(Source records)

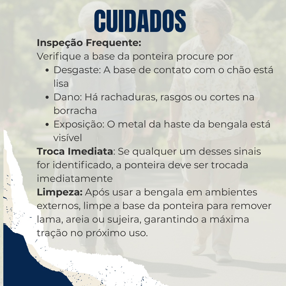 4. Inspeção: Verifique periodicamente se a ponteira não está lisa, rachada ou com o metal da bengala exposto. Substitua a peça imediatamente em caso de qualquer dano para manter a sua segurança.
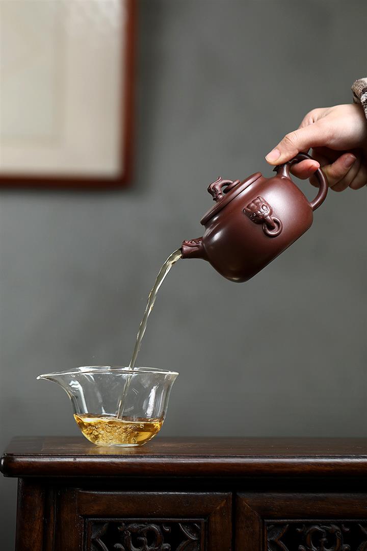【泥料特點】砂土氣重,似淳實農民,日久使用,漸露鋒芒,養成變化,溫潤莊重。紫砂是壹種雙重氣孔結構的多孔性材質,氣孔微細,密度高。用紫砂壺沏茶,不失原味,且香不渙散,得茶之真香真味。紫砂使用越久,壺身色澤越發光亮照人,氣韻溫雅。紫砂壺長久使用器身會因撫摸擦拭,變得越發溫潤光澤。
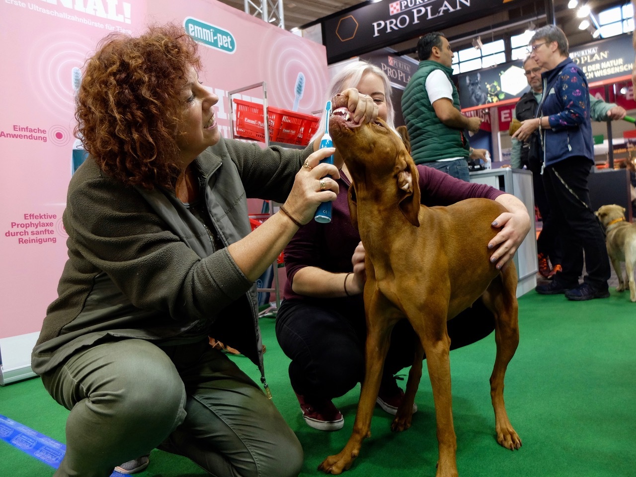 Der Magyar Vizsla, so liest man überall, ist ein kluger Hund, der schnell neue Dinge lernen kann. "Guinnie", die zweijährige Hündin von Sabine und Angelika, lässt sich normalerweise gerne die Zähne putzen. Sie hat es sich quasi von ihren Geschwistern zu Hause abgeschaut. Die "Live-Demonstration" auf der Messe ist jedoch ein wenig zu hektisch, erst nach einigen Anlaufschwierigkeiten funktioniert die Zahnreinigung. "Seit einem Dreivierteljahr putzen wir unseren Hunden täglich die Zähne mit Ultraschall-Zahnbürste von Emmi-Pet. Der Hersteller verspricht, dass Plaque und Bakterien auch aus den engsten Zahnzwischenräumen ganz sanft ohne Schrubben und Brummen entfernt, sowie Entzündungen und Folgekrankheiten reduziert werden. Sabine und Angelika jedenfalls sind sehr zufrieden und würden jedem Hundehalter empfehlen, frühzeitig mit der Zahnpflege ihrer Vierbeiner zu beginnen.
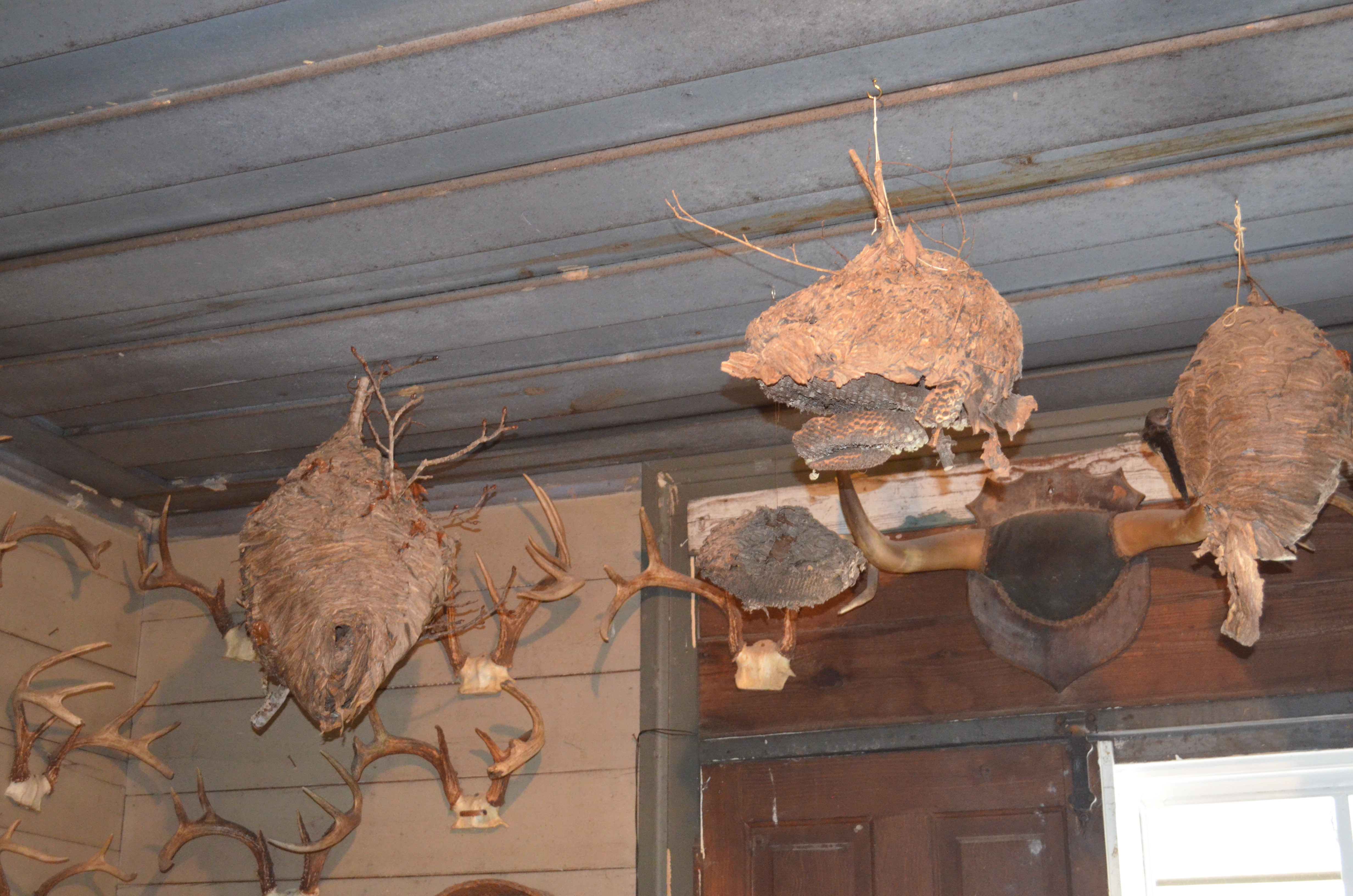 Once again, I guess we asked the right questions, because we were taken upstairs. There was a treasure trove of indian artifacts including ancient tools, arrowheads, and natural items from the land. I stupidly didn’t see the signs in front of me saying no pictures, so I took a few. Later, I apologized to him, but he said it was ok. He didn’t want too many getting out because the items are quite valuable. Not like he has a security force there, so I understood and won’t pass those along. Here’s some of the hornet nests he’s collected during his life (he’s been on the property since he was 5)…
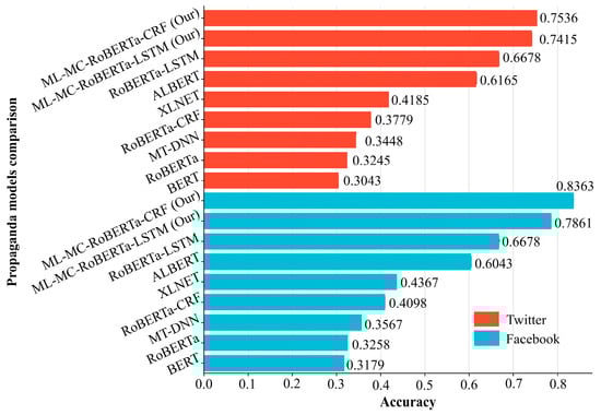 Detecting propaganda is an inherently complex natural language processing (NLP) task. Existing deep learning (DL)-based approaches have made significant progress, employing methods such as sentence-level classification for news articles, tweets, and public discussions [,,]. However, the professional and convincing nature of propaganda posts presents ongoing challenges. Many current DL models struggle to accurately detect and interpret sophisticated propaganda designed to appear credible and persuasive [].
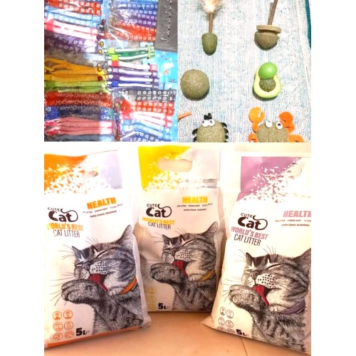 Consists of a piece of cat nab + 4 bags of sand + collar for the cat

> Task instructions: Leave out the pictures and give the rest of the records again exactly.

> Answer for the task:
 4. Inspeção: Verifique periodicamente se a ponteira não está lisa, rachada ou com o metal da bengala exposto. Substitua a peça imediatamente em caso de qualquer dano para manter a sua segurança.
【泥料特點】砂土氣重,似淳實農民,日久使用,漸露鋒芒,養成變化,溫潤莊重。紫砂是壹種雙重氣孔結構的多孔性材質,氣孔微細,密度高。用紫砂壺沏茶,不失原味,且香不渙散,得茶之真香真味。紫砂使用越久,壺身色澤越發光亮照人,氣韻溫雅。紫砂壺長久使用器身會因撫摸擦拭,變得越發溫潤光澤。
 Der Magyar Vizsla, so liest man überall, ist ein kluger Hund, der schnell neue Dinge lernen kann. "Guinnie", die zweijährige Hündin von Sabine und Angelika, lässt sich normalerweise gerne die Zähne putzen. Sie hat es sich quasi von ihren Geschwistern zu Hause abgeschaut. Die "Live-Demonstration" auf der Messe ist jedoch ein wenig zu hektisch, erst nach einigen Anlaufschwierigkeiten funktioniert die Zahnreinigung. "Seit einem Dreivierteljahr putzen wir unseren Hunden täglich die Zähne mit Ultraschall-Zahnbürste von Emmi-Pet. Der Hersteller verspricht, dass Plaque und Bakterien auch aus den engsten Zahnzwischenräumen ganz sanft ohne Schrubben und Brummen entfernt, sowie Entzündungen und Folgekrankheiten reduziert werden. Sabine und Angelika jedenfalls sind sehr zufrieden und würden jedem Hundehalter empfehlen, frühzeitig mit der Zahnpflege ihrer Vierbeiner zu beginnen.
 Once again, I guess we asked the right questions, because we were taken upstairs. There was a treasure trove of indian artifacts including ancient tools, arrowheads, and natural items from the land. I stupidly didn’t see the signs in front of me saying no pictures, so I took a few. Later, I apologized to him, but he said it was ok. He didn’t want too many getting out because the items are quite valuable. Not like he has a security force there, so I understood and won’t pass those along. Here’s some of the hornet nests he’s collected during his life (he’s been on the property since he was 5)…
 Detecting propaganda is an inherently complex natural language processing (NLP) task. Existing deep learning (DL)-based approaches have made significant progress, employing methods such as sentence-level classification for news articles, tweets, and public discussions [,,]. However, the professional and convincing nature of propaganda posts presents ongoing challenges. Many current DL models struggle to accurately detect and interpret sophisticated propaganda designed to appear credible and persuasive [].
 Consists of a piece of cat nab + 4 bags of sand + collar for the cat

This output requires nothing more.